When I weighed five pounds, was bald and had only gums to chew with, I waited on food and on human touch. When I was a teenager, I waited for someone to tell me what to do with my life. I waited for someone to tell me it's alright to love the world so much that it literally hurts to see people fall to pieces. No one ever told me it was alright, and it still hurts like hell.

To this day, I wait on God to show His face. I wait for the revelation which will remove all doubt. Hope is the painful sacrifice of what seems to make sense, and faith is a heavy burden. Yet, that is all I have until I leave this world and see Christ looking into my gray eyes, calling me His most beloved.

Sometimes, waiting for one day to end and the next to begin feels like getting a second chance. Other times, it feels like waiting to die.

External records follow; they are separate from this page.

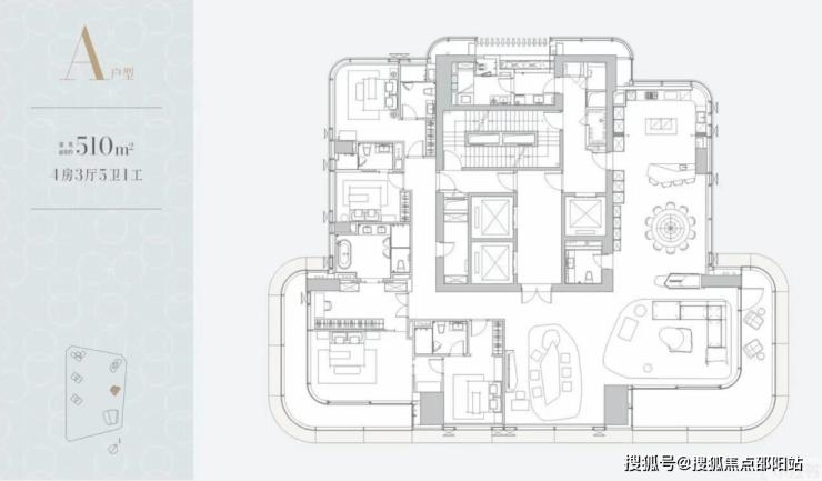 510㎡4房5卫:位于A栋(43F),层高3.6米,3T1,目前深圳还没有这个面积段的二手大平层住宅,直接对标澐玺的500㎡。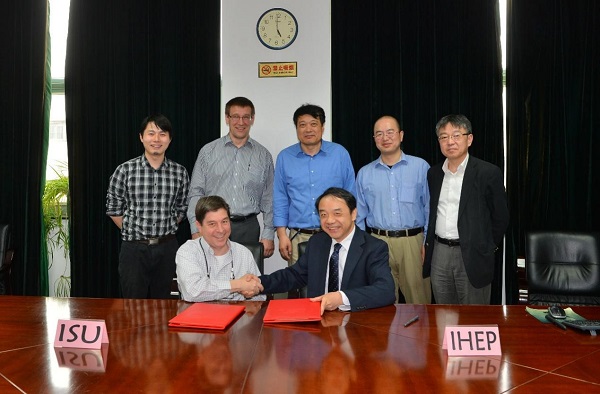 高能所所长王贻芳对美国爱荷华州立大学代表团的来访表示欢迎,并简要介绍了高能所的科研现状。双方针对高能环形正负电子对撞机(CEPC)、大型强子对撞机(LHC)上的物理和探测器设计及升级等相关领域进行了讨论,并期望通过交流加强两个机构之间的合作与知识共享。会谈期间,双方签署了合作备忘录,旨在推动科技交流,促进人才培养及人员互访,并在共同感兴趣的领域提供合作的整体框架。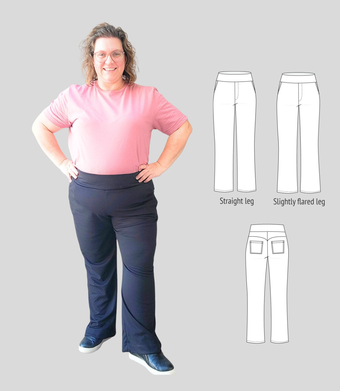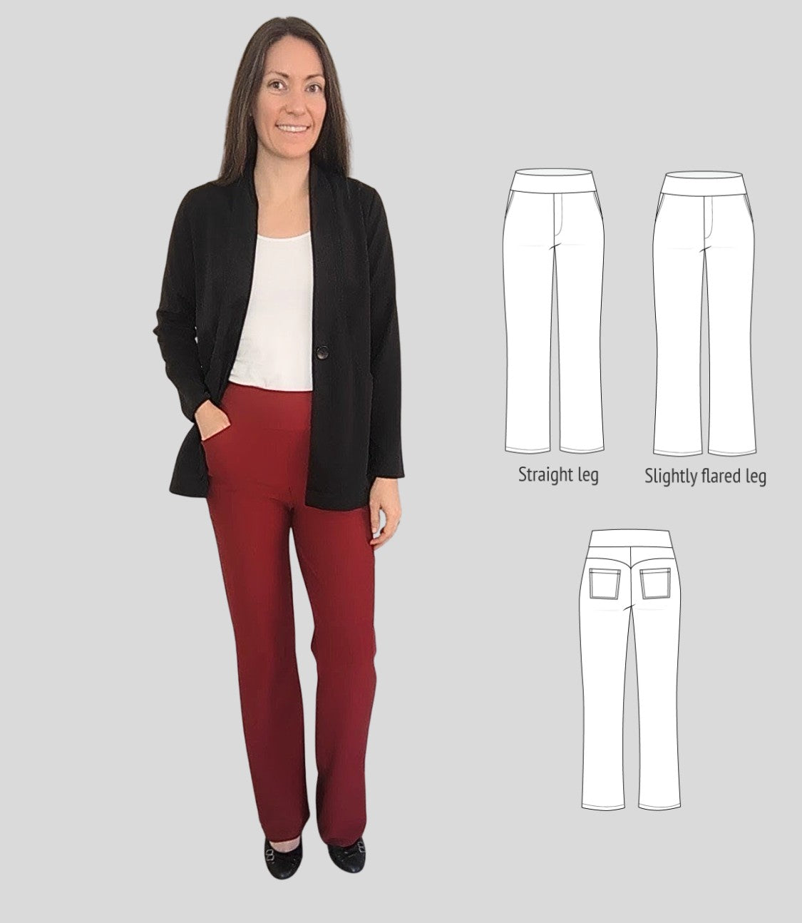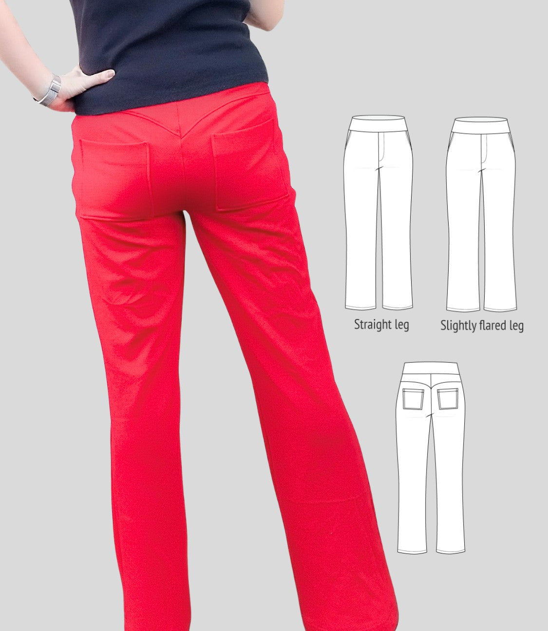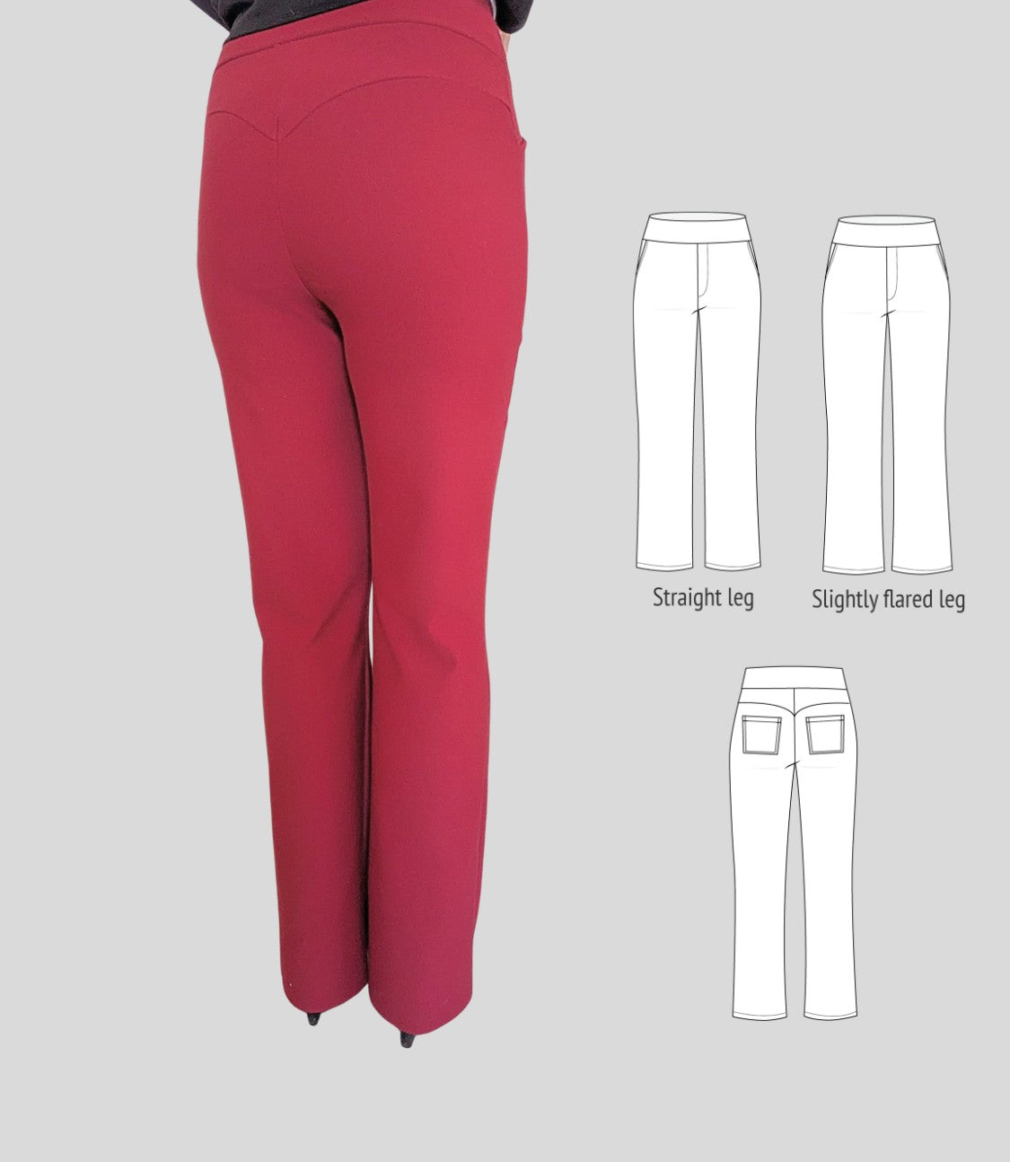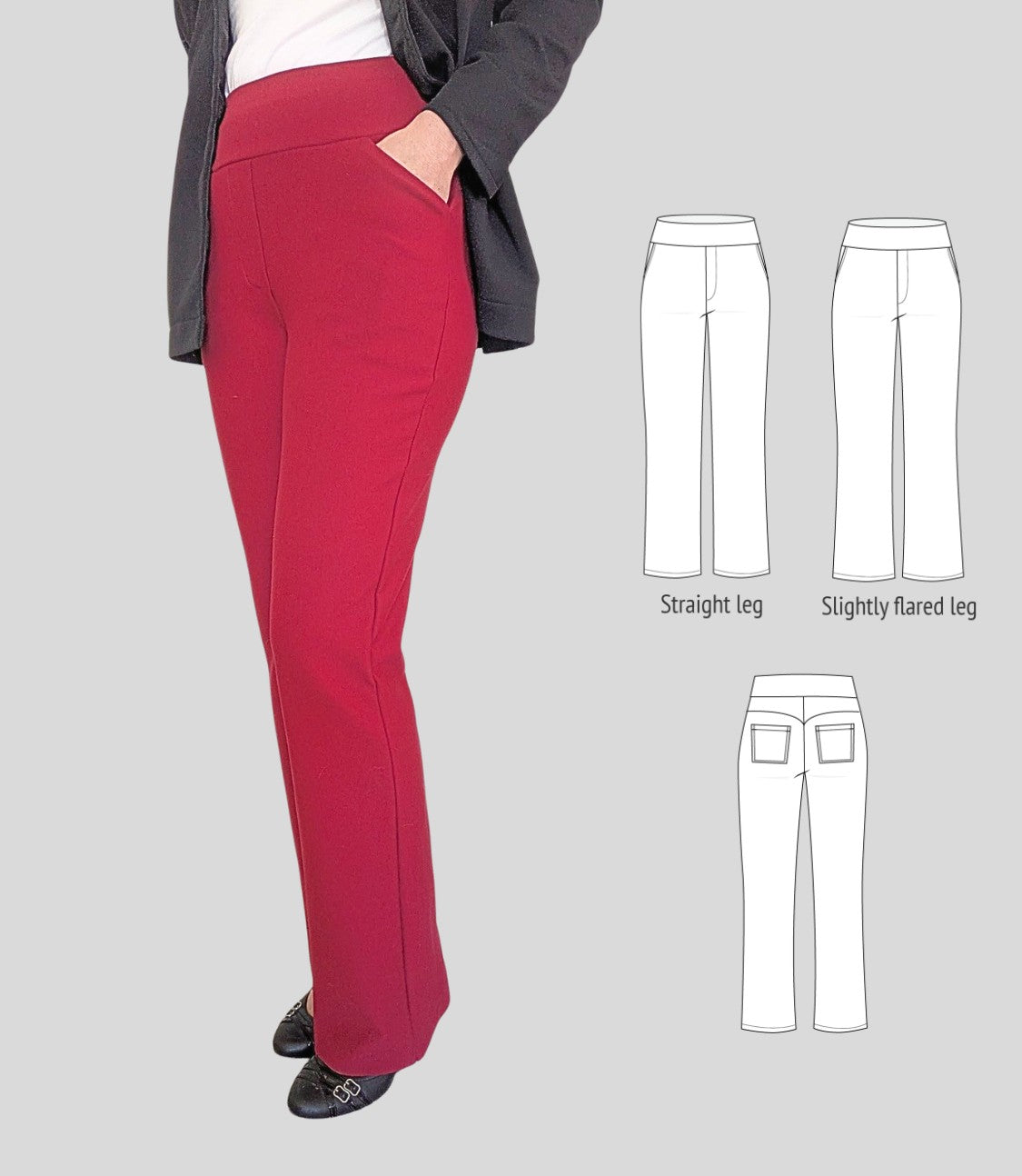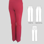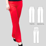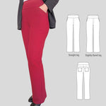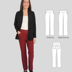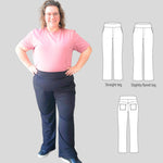 Fit and options: Fitted at the hips and waist, straight or slightly flared leg pants designed for medium to heavy weight knit fabrics like ponte, crepe double knits and similar. Contouring yoke at the back. Finished with contoured waistband that is reinforced with elastic. Optional faux fly, side and back patch pockets.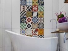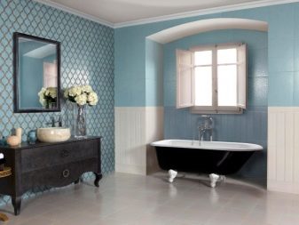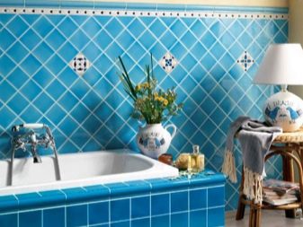 За изразителност към плочите се прилагат изображения на водна повърхност, вълни, мехурчета или обитатели на морските дълбини. За разреждане на палитрата от “студени” нюанси, в декора се използват ярки акценти..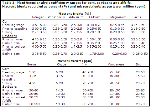 We must also recognize that feed test samples collected do not follow the sampling guidelines used in tissue tests which are calibrated for specific plant parts (top 6 inches) and stages of maturity (early bloom in alfalfa). For this reason, a feed test should only be used as a guideline and must be followed up with a tissue or soil test to determine the actual deficiency and amount of fertility to apply.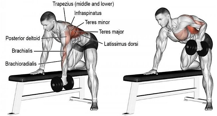 - Упритесь коленом и рукой в горизонтальную скамью (для акцента на нижнюю часть широчайших) или обопритесь рукой о гантельную стойку, слегка согнув ноги в коленях и наклонив корпус вперед под углом примерно 45 градусов (для акцента на верхнюю часть широчайших). Спина прямая, сохраняйте естественный прогиб в пояснице, взгляд направлен вперед.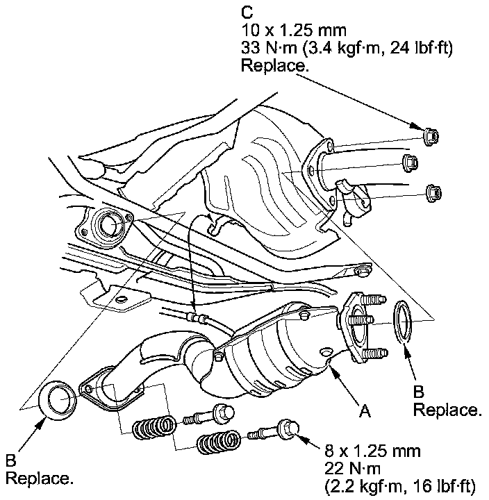 35. Install the under-floor TWC (A) using new gaskets (B) and new self-locking nuts (C).

For my whole life I have waited for someone to tell me the value of my life. When I have been told, I've waited on myself to believe it.

I wait for the right chance to tell my grandmother that I love her before she dies. I want to tell her that I love her for having a part in shaping my mother, who has shaped me. I wait to understand why the men in my family can never use the word "love" unless we really mean it. I wait to understand why we can't mean it more often. My soul wants to love God's people until there is nothing left of me. Even as a child, I knew God had placed an uncommon pain in me. It is a pain I feel for every fractured heart. It is impossible to understand, but it is as real as my sin. Yet, my surface insecurities hold me back from even extending a comforting word to a hurting stranger.

I wait to stop living in my head. I wait to discover what it means to live life as my Creator intended. I wait to lose myself. I want God to hold my crippled body as I crawl for a few more days, as I wait to begin living. I want God to grab my throat and choke out whatever is left of this hollow human shell. I will not wait to see God. I must feel Him in this house, in this room, in my bones. My Father has waited on me for far too long.

4 comments:

Joyce Moyer Hostetter said...

Blessings as you wait! Or don't wait! You ARE moving forward!

Amy Lizzy said...

I read in your words a desire to live life with a grande passion. I'm looking forward to those conversations!

Trevor Franklin said...

Thanks for the comments. I suppose I am really just writing for myself most of the time, but it is nice to know if anyone is affected in any way by reading any of this random writing. I think that's the best thing about taking time to read something: not how "good" was the writing, but did you get anything to think about.

That's what I love about your blogs (Amy and Joyce), I leave with more than I came in with. It's anything but a waste of time. Any worthwhile reading will affect us in some tiny way. Just like any decent movie, music....or anything really!

Anonymous said...

their's not a lot that I can say about this one....it just says it all. I know what you are saying and have felt what you are feeling. I shut a lot of that out a cuple of years ago but their is a pulling on my heart to re open the door. I never left God behing I could never do that for that is when I would give up, but I have pushed a lot of those feelings way down so far I didn't recall them till I read those words. I really enjoy reading your blogs they are words cannot describe.